The Attention Span Myth, Clips Open Podcasting’s Front Door, & More

The Attention Span Myth, Clips Open Podcasting’s Front Door, & More

July 17, 2026

The Podcast Atlas, Part 3: The Front Door by Tom Webster

Tom Webster continues his article series on The Podcast Atlas with a look at clips, podcasting’s discovery engine. 89% of podcast listeners watch clips on social platforms at least sometimes, and 74% of clip viewers say they give clips full or near-full attention, comparable to the 77-81% who say the same of full episodes. Roughly a third of clip viewers reliably convert, becoming regular listeners or seeking out the full episode a clip came from.

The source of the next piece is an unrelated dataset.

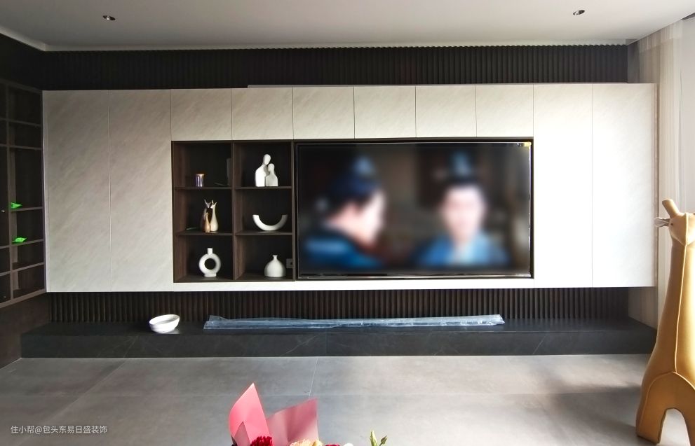 电视位预留正方形同样也会增加空间厚重感,正确做法是预留长方形位置,可以拉伸空间效果,电视位一侧选择做开放格,摆件可以提升家里的精致感。

Rather than cannibalizing full shows, clips work at social-platform scale, where mainstream audiences and ad budgets already live. The distinction Webster draws is in how a clip is built: as a self-contained moment it entertains and disappears, but built as a door, it gets walked through.

“The job is discovery, not the close,” Webster writes, “and an advertiser who buys them for what they do, recruiting the audience that the other territories go on to convert, is buying the front door rather than mistaking it for the whole house.”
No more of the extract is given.